§ **EXERCISE AIM**
Print the entries below exactly as they appear, from the first line up to and including the line with "式後には、担任や教科でお世話". Do not print any pictures.

§ **EXTRACTED DATA**
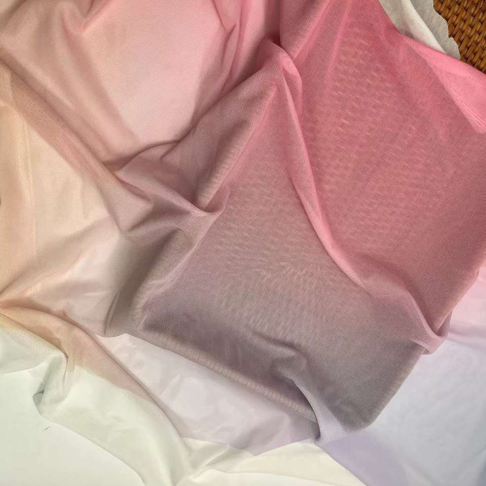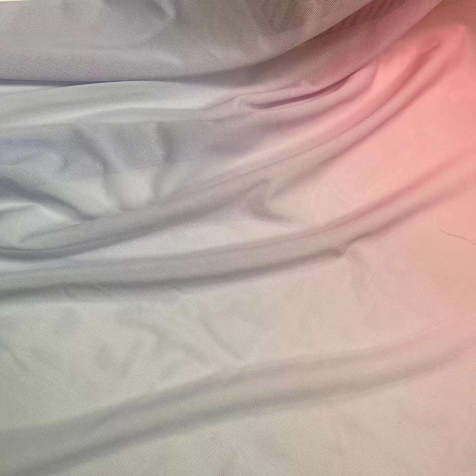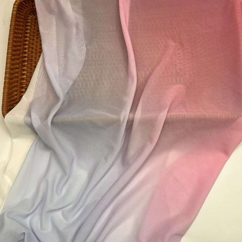 ผ้าสแปนเด็กซ์พิมพ์ลายตาข่ายดิจิทัลแบบไล่เฉดสีดีไซน์คำสำหรับฤดูร้อนสินค้ามาใหม่
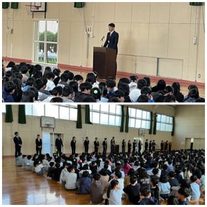 式後には、担任や教科でお世話になる先生の紹介があり、新たな出会いの場となりました。
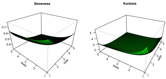 Three-dimensional plots for S and K are proposed in Figure 3 and Figure 4. We see smooth variations for the three-dimensional surface corresponding to these measures (in green), with possible high variations according to the values of the parameters, showing the flexibility of the distribution on these aspects.
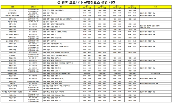 강원도는 설 연휴기간(‘21.2.11~2.14.)중 도민의 의료기관 및 약국 이용 불편을 최소화하고 응급환자 진료 및 다수 인명피해 발생에 대비하여 「설 연휴 응급진료체계」를 가동한다. 아울러, 코로나19 진단검사 공백 방지를 위해 설 연휴 선별진료소를 운영한다.
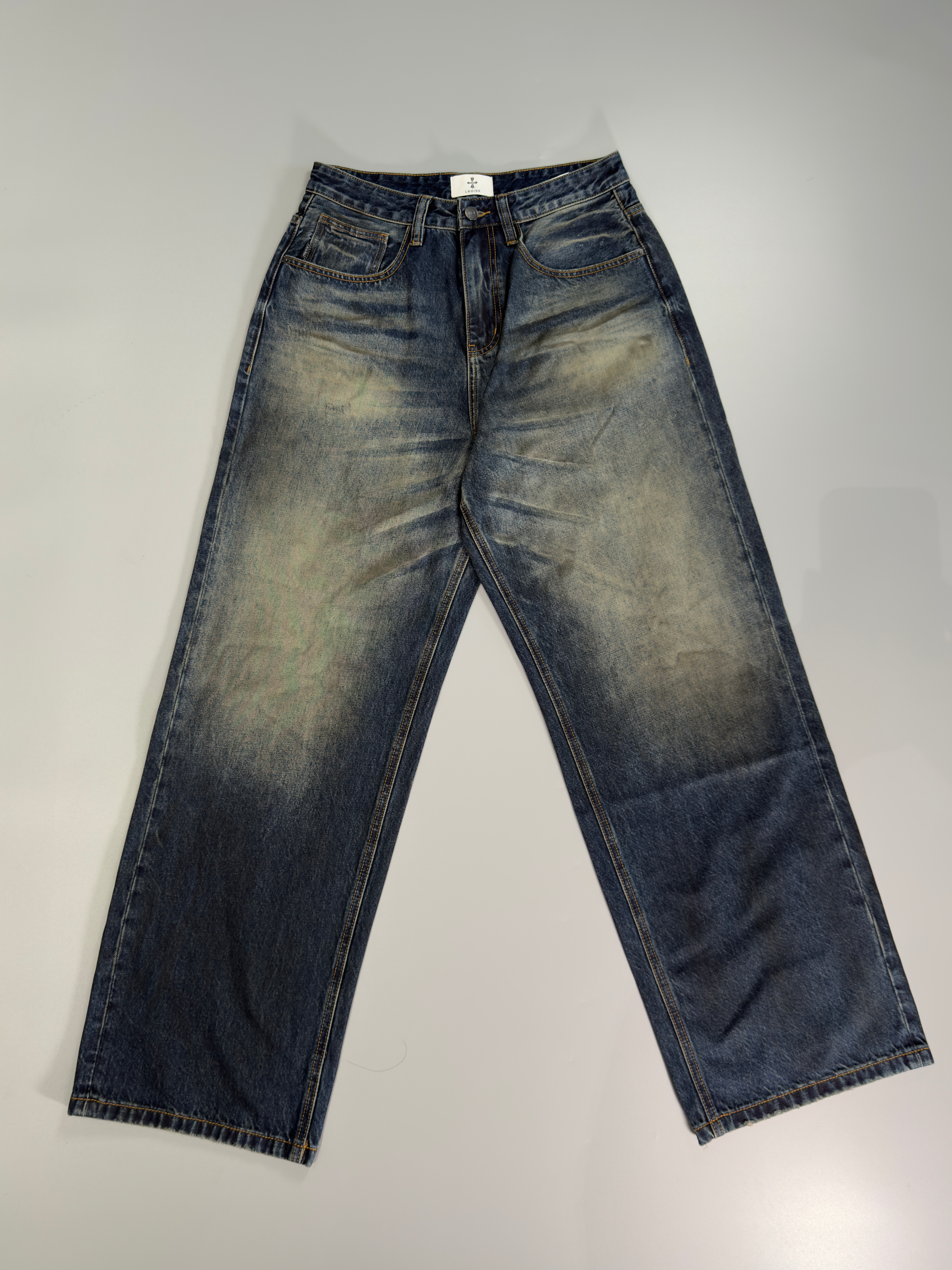 The vintage-inspired wash simulates the look of time-worn denim, blending soft contrast with an authentic texture.
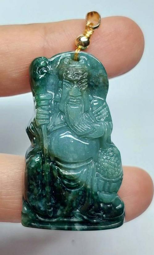 จี้หยกเทพเจ้ากวนอู หยกพม่า เนื้อโอเชียนบลูทูโทน ขนาดสูง 2 นิ้ว |
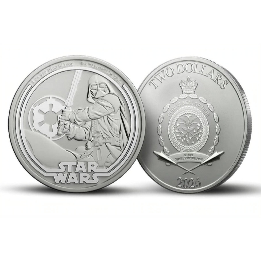 Forsiden av Niue "Star Wars: Darth Vader"-sølvmyntene fra 2026 viser Niues statssegl. Det nasjonale emblemet viser den lokale floraen i midten av en sirkel av skjell, og over denne stikker statskronen opp, som symboliserer forbindelsen mellom Niue og Commonwealth.
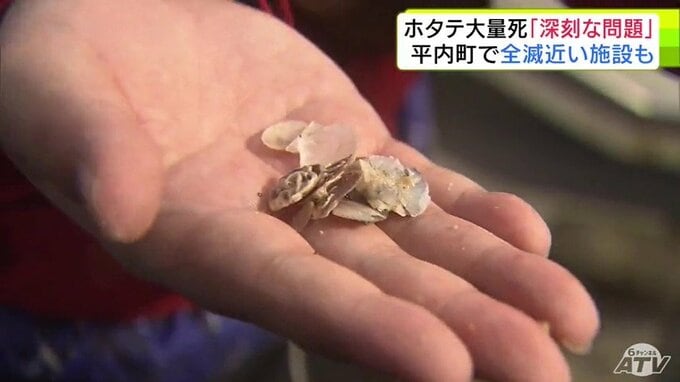 「漁師で生活できなくなる…」ホタテ大量死の現場 稚貝がほぼ全滅のところも… 漁師からは“悲痛な叫び” 水揚げ量の減少で店頭価格も上昇 「買えない」買い物客から本音ポロリ 販売スペース縮小のスーパーも 青森テレビ 2025年11月13日(木) 06:25 国内 青森県の「陸奥湾ホタテ」が危機的な状況です。 養殖ホタテの水揚げ量が日本一の青森県平内町では、この夏の猛暑の影響などで稚貝が全滅に近いところもあり、漁師は危機感を募らせています。

§ **SOLUTION TO THE EXERCISE**
 ผ้าสแปนเด็กซ์พิมพ์ลายตาข่ายดิจิทัลแบบไล่เฉดสีดีไซน์คำสำหรับฤดูร้อนสินค้ามาใหม่
 式後には、担任や教科でお世話になる先生の紹介があり、新たな出会いの場となりました。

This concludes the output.